Information provided:
┄┄┄┄┄┄┄┄┄┄┄┄┄┄┄┄┄┄┄┄
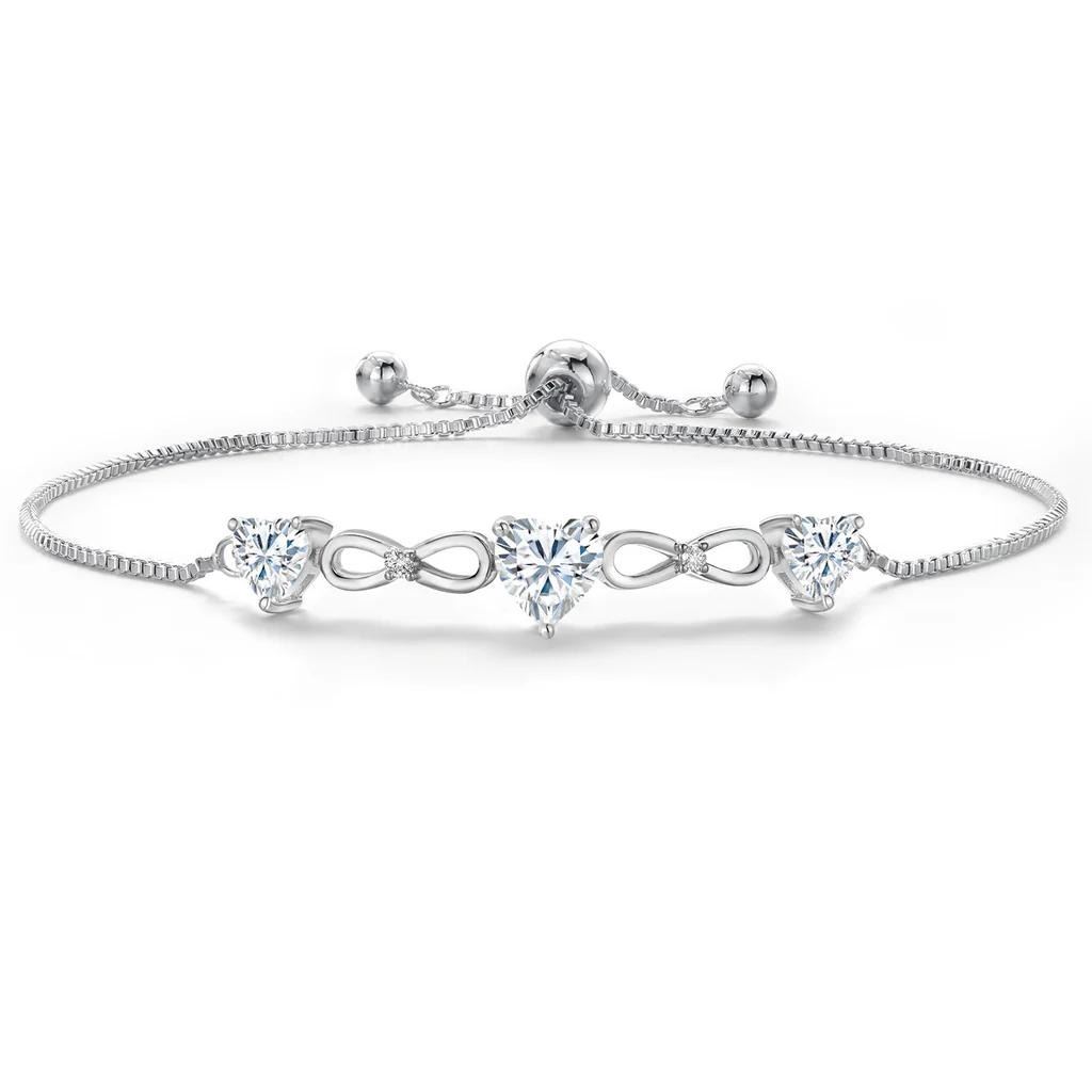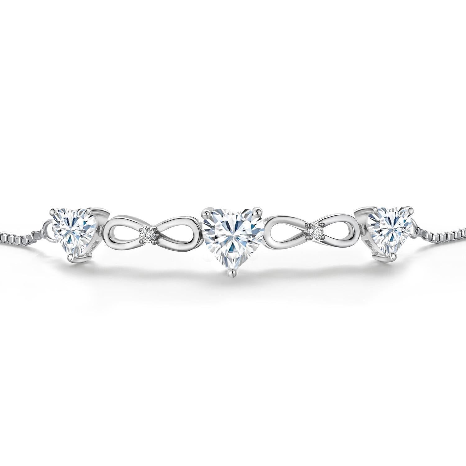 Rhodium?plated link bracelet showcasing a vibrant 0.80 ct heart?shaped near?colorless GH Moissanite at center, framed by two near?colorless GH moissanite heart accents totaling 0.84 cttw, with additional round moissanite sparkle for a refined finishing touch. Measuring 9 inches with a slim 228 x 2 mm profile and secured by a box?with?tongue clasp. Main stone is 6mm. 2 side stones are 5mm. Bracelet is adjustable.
┄┄┄┄┄┄┄┄┄┄┄┄┄┄┄┄┄┄┄┄
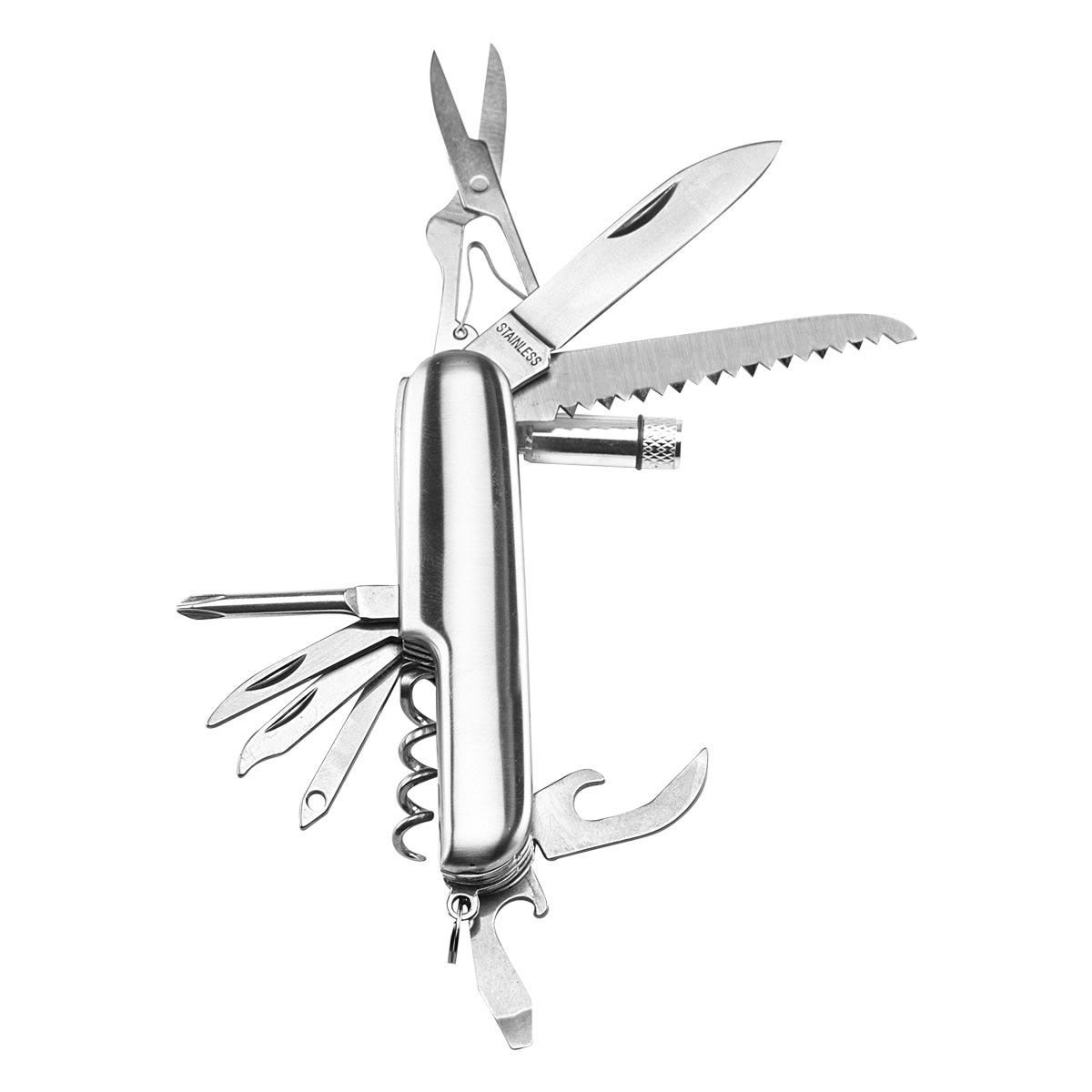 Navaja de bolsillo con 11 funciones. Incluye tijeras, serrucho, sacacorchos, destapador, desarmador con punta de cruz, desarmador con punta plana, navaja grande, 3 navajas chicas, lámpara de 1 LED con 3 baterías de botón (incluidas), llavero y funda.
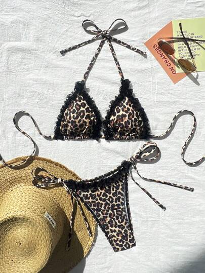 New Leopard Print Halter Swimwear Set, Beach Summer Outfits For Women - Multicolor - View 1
┄┄┄┄┄┄┄┄┄┄┄┄┄┄┄┄┄┄┄┄
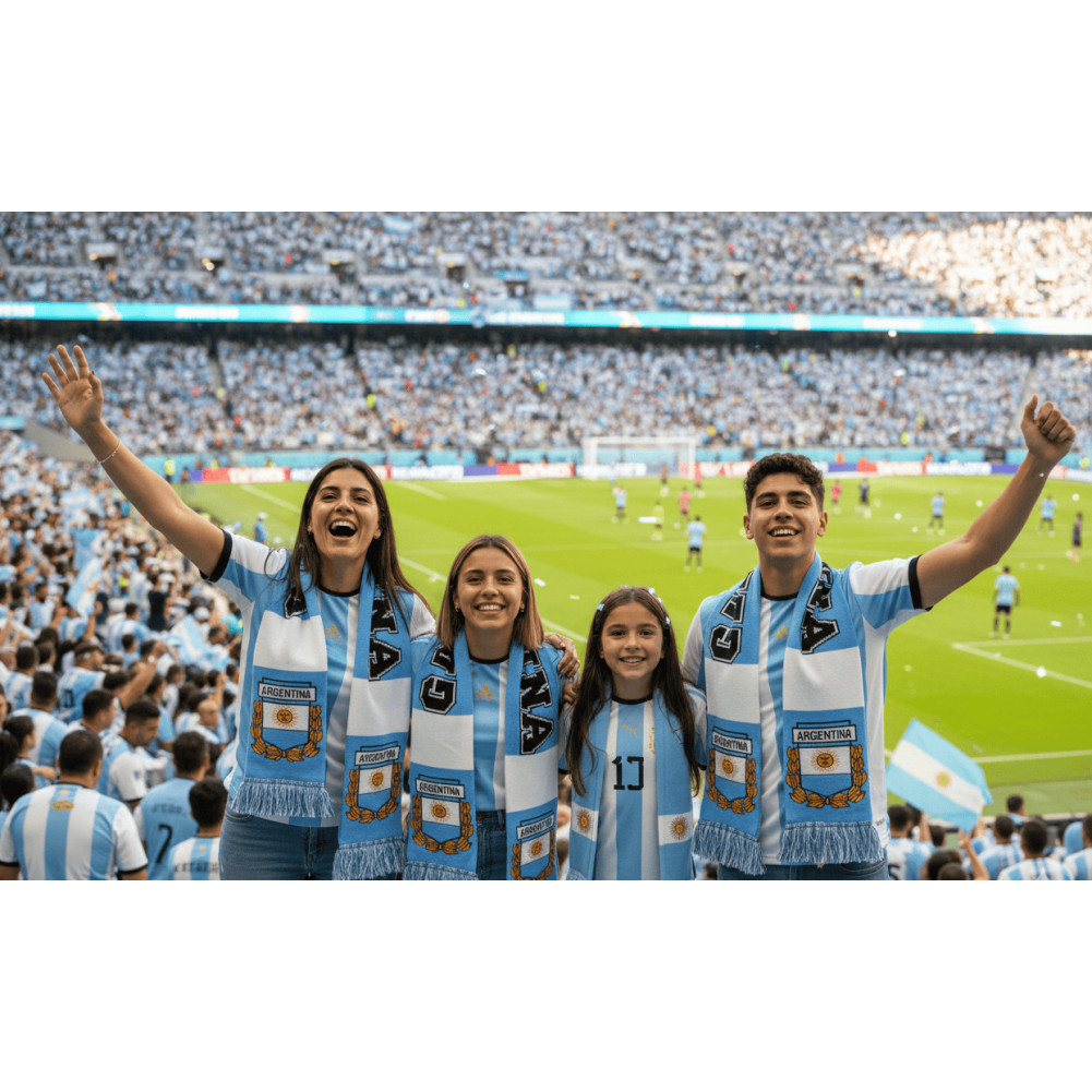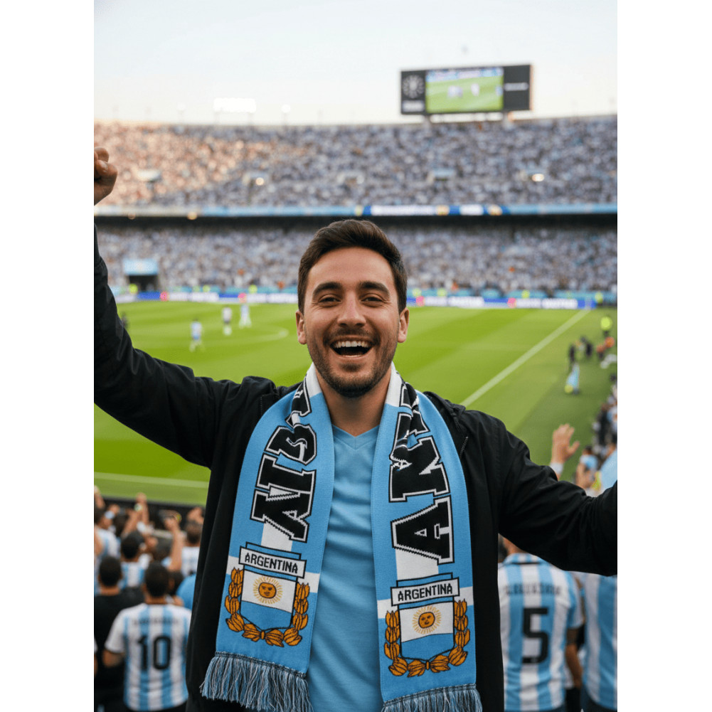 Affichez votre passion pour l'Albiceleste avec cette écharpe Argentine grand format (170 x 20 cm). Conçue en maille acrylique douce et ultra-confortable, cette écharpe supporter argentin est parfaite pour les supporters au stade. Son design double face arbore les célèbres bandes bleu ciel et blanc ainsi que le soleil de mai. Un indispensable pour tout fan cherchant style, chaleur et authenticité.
┄┄┄┄┄┄┄┄┄┄┄┄┄┄┄┄┄┄┄┄
Up in the listing, locate the line with "Navaja de bolsillo"; print it and every line after it down to the line with "New Leopard Print", which is included too. Skip the pictures.

 Navaja de bolsillo con 11 funciones. Incluye tijeras, serrucho, sacacorchos, destapador, desarmador con punta de cruz, desarmador con punta plana, navaja grande, 3 navajas chicas, lámpara de 1 LED con 3 baterías de botón (incluidas), llavero y funda.
 New Leopard Print Halter Swimwear Set, Beach Summer Outfits For Women - Multicolor - View 1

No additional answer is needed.